Markand Thakar, Music Director
Markand Thakar is in his third successful season as music director of the Baltimore Chamber Orchestra. Thakar is also enjoying a remarkable tenure as the music director of the Duluth Superior Symphony Orchestra, which in the five-plus years of his leadership has experienced dramatic and sustained growth.
Creative programming and profound musical experiences that energize and grow audiences have been a hallmark of Thakar's tenures in both Duluth and Baltimore. He was cited by the ASOL's SYMPHONY Magazine for "creative programming and rising artistic stands [that] fill the house;" by New Yorker critic Alex Ross, who writes, "On the subject of brilliant programming see this season's programs by the Duluth Superior Symphony Orchestra;" and by the Baltimore Sun, which suggests he "may turn out to be a classical music hero....anyone who can point to the sort of trend-bucking success that Thakar has generated seems more powerful than a speeding finale by Beethoven." The Sun also praises his "novel programming concepts" for the BCO's 2005-06 season, and "one of the most successful examples of thematic programming heard around here in some time."

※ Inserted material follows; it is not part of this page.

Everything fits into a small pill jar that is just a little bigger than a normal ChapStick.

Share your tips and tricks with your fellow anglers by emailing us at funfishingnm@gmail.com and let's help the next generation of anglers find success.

Thakar first came to national attention in 1997 when he made his debut with the New York Philharmonic, stepping in for Leonard Slatkin on short notice and with no rehearsal. He returned to the podium that summer, opening the Philharmonic's outdoor season with concerts in Central Park and the boroughs. Appearances in recent seasons include additional concerts with the New York Philharmonic, and with the National, San Antonio, Columbus, Birmingham, Winnipeg, Charlotte, Knoxville, Richmond, Colorado Springs, Greensboro, Illinois, Kalamazoo, Windsor, Flint, Lansing, Maryland, Ann Arbor, Waterbury, Annapolis, and Florida West Coast Symphony Orchestras; the Long Island Philharmonic; the National Chamber Orchestra and the Cleveland Chamber Symphony.
A frequent guest conductor at the Aspen Music Festival, Mr. Thakar has appeared with Yo-Yo Ma and the Colorado Symphony Orchestra and with Itzhak Perlman and the Boulder Philharmonic, and is a recent winner of the Geraldine C. and Emory M. Ford Foundation Award. Familiar to national radio audiences as a frequent commentator for National Public Radio's Performance Today, he has appeared on CBS This Morning and CNN conducting the Colorado Symphony.

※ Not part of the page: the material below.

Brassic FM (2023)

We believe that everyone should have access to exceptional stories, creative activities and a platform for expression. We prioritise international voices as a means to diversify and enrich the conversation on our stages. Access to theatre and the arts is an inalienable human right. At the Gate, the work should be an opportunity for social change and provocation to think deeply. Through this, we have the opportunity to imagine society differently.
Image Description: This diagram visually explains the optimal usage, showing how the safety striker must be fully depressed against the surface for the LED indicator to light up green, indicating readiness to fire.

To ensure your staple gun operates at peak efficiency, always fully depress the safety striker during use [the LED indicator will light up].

Formerly Associate Conductor of the Colorado Symphony Orchestra and conductor of the Eugene Symphony's “NightMusic” pops series, Mr. Thakar was music director and conductor of the Amadeus Chamber Orchestra in New York City, the Barnard-Columbia Philharmonia, the Classical Symphony of Cincinnati, the Penn's Woods Philharmonia, and the National Festival Orchestra of the Great Lakes Festival of Musical Arts. He is currently co-director, with Gustav Meier, of the graduate conducting program at the Peabody Conservatory.
Mr. Thakar's conducting studies include extensive work with the Munich Philharmonic under the mentorship of Sergiu Celibidache. He was awarded a Fulbright Fellowship for study of orchestral conducting in Europe, and is a past winner of the national Exxon Conductors Program auditions. His training includes a bachelor’s degree in composition and violin performance from The Juilliard School, a master's degree in music theory from Columbia University, and a doctorate in orchestral conducting from the Cincinnati College-Conservatory, as well as special studies in orchestral conducting at the Curtis Institute and the Ciprian Porumbescu Conservatory in Bucharest, Romania. Other conducting studies were with Gustav Meier, Max Rudolf and Peter Perret.
Mr. Thakar is the author of Counterpoint: Fundamentals of Music Making (published in English by Yale University Press and in Italian by Rugginenti Editore of Milan), which uses species counterpoint to promote an understanding of how both composer and performer contribute to the experience of musical beauty. He has also lectured on the musical experience at Harvard University.
Markand Thakar and his wife, violist Victoria Chiang, live in Baltimore, Maryland with their son Oliver.